263 Fed. Appx. at 502. One might read that paragraph to mean that (a) must be the correct interpretation, there is no such thing as a harmless nontrivial falsehood in an IFP application, and, therefore, Plaintiff's case must be dismissed. But McRoyal, the Court believes, does not require as much. McRoyal simply restates the Court's problem: "if an allegation of poverty made in a petition to proceed in forma pauperis is untrue 'the district court shall dismiss the case.'" Id. What is "always harmful" and forces dismissal, the untrue statements themselves or statements insofar as they conceal the fact that the applicant is not indigent? In McRoyal, the problem was that Ms. McRoyal made "several false allegations of poverty in her petition," each sufficient to undermine her application. See id. at 501. That could not be excused. Id. at 502. McRoyal does not address whether the Court is left with any discretion in a case where the petitioner actually is indigent.

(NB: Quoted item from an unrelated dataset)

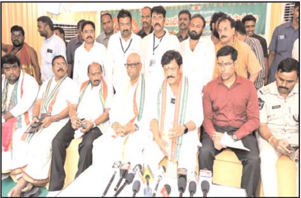
(షణ్ముఖ వెలుగు, వెంకటగిరి, సెప్టెంబర్ 26)

వెంకటగిరి పోలేరమ్మ అమ్మవారికి రాష్ట్ర ప్రభుత్వం తరఫున గురువారం పట్టు వస్త్రాలను రాష్ట్ర పర్యాటక శాఖ మంత్రి కందుల దుర్గేష్ సమర్పించి అమ్మవారిని రాష్ట్ర దేవదాయ శాఖ మంత్రి ఆనం రామనారాయణరెడ్డితో కలిసి దర్శించుకున్నారు. ఈ సందర్భంగా ఆలయానికి చేరుకున్న మంత్రులకు ఘనంగా స్వాగతం లభించింది. అనంతరం అమ్మవారి ఆలయంలో ప్రత్యేక పూజలు చేసి మంత్రులకు ఆలయ అధికారులు ప్రత్యేక దర్శనం చేయించారు. దర్శనం అనంతరం ఆలయ అర్చకులు అమ్మవారి తీర్థ ప్రసాదాలు అందజేసి వేదమంత్రాలతో ఆశీర్వాదనం పలికారు. దేవదాయ శాఖ మంత్రి మాట్లాడుతూ ఇటీవల కాలంలో వెంకటగిరి ఎమ్మెల్యే ఆంధ్రప్రదేశ్ రాష్ట్ర ముఖ్యమంత్రిని కలిసి పోలేరమ్మ జాతరకు మీరు రావాలి, గతంలో రాష్ట్ర పండుగగా నిర్ణయం చేసారు కాని ప్రభుత్వం ఎలాంటి సహాయ సహకారాలు లేవని, మీ రాకతో పాటు ఈ జాతర బాగా జరిగేందుకు ఆర్థికంగా నిధులు కూడా సమకూర్చమని అడగడం జరిగిందని తెలిపారు. ముఖ్యమంత్రి దేవదాయ శాఖ మంత్రిగా ఉన్న సన్ను దేవదాయ శాఖాధికారులను పిలిచి, రాష్ట్రంలో ఉన్నటువంటి అన్ని ఆధ్యాత్మిక కేంద్రాల్లో రాష్ట్రంలో ఇప్పటి వరకు ఆరు పండుగలను మాత్రమే ప్రభుత్వం గుర్తించిందని, దీనికి మరొక రెండు పండుగలు శ్రీకాకుళం జిల్లాలోని కోట బొమ్మలి, పశ్చిమ గోదావరి జిల్లా పెనుగొండలో ఉన్నటువంటి కన్యకా పరమేశ్వరి ఆలయంలో జరిగే

Several cases suggest that the Court has leeway in that circumstance. For instance, the Seventh Circuit and district courts have declined to impose the ultimate sanction of dismissal notwithstanding untrue statements on the application when the plaintiff has not "reaped the benefits of in forma pauperis status." Hrobowski v. Commonwealth Edison Co., 203 F.3d 445, 448 (7th Cir. 2000); see also Kim v. Earthgrains Co., 2010 WL 2610460, at *3 (N.D. Ill. June 24, 2010). In some instances, courts have sanctioned plaintiffs with monetary penalties, rather than dismissal with prejudice, for misrepresentations on an IFP application. See, e.g., Shipman v. New York State of Office of Persons With Developmental Disabilities, 2012 WL 897790, at *10 (S.D.N.Y. March 13, 2012); Moorish Nat'l Republic v. City of Chicago, 2011 WL 1485574, at *6 (N.D. Ill. April 18, 2011); Bray v. United Water, 2010 WL 5231315, at *3-*4 (N.D. Ind. Dec. 16, 2010) (imposing a non-monetary sanction, but not dismissal of the case, upon finding that the plaintiff lied on his IFP application).

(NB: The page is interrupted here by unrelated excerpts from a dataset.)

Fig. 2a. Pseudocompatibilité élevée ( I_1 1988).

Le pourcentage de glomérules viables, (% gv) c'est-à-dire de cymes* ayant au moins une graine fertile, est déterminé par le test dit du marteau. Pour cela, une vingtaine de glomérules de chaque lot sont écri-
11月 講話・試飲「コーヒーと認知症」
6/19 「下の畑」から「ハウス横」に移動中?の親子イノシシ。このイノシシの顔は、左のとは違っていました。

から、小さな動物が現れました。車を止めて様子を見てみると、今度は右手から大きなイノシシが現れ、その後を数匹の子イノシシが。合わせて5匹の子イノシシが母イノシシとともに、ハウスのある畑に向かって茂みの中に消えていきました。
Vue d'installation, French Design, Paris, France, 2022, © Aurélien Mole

Consistent with the cases and the language and purpose of the IFP statute, the Court concludes that § 1915(e)(2)(A) requires the severe sanction of dismissal only when a petitioner says that she is indigent when she is not. Of course, making a nontrivial false statement to the Court is an abuse of the judicial process, and the Court has inherent authority to sanction such conduct. Montano v. City of Chi., 535 F.3d 558, 563 (7th Cir. 2008) (citing Chambers v. NASCO, Inc., 501 U.S. 32, 44-45 (1991); Dotson v. Bravo, 321 F.3d 663, 667 (7th Cir. 2003)); McRoyal, 2007 WL 164221, at *2. But "[t]he sanction imposed should be proportionate to the gravity of the offense." Id. (citing Allen v. Chi. Transit Auth., 317 F.3d 696, 703 (7th Cir. 2003).

In this case, Defendant does not suggest that Plaintiff earned more than $11,500 in 2010 or that she has other significant assets or income. So, even as Defendant sees this case, Plaintiff is indigent. Dismissal under § 1915(e)(2)(A) is therefore not required, and the Court is not persuaded that Plaintiff's omissions and misstatements are serious enough to dismiss the case as an exercise of discretion under § 1915(e)(2)(A) or as an exercise of its inherent authority to sanction misconduct. Defendant's motion to dismiss is therefore denied. Plaintiff is cautioned to exercise greater care in making representations to the court and to seek assistance from the pro se assistance program if she is uncertain how to proceed.

III. Conclusion

Defendant's motion to dismiss [39] is denied.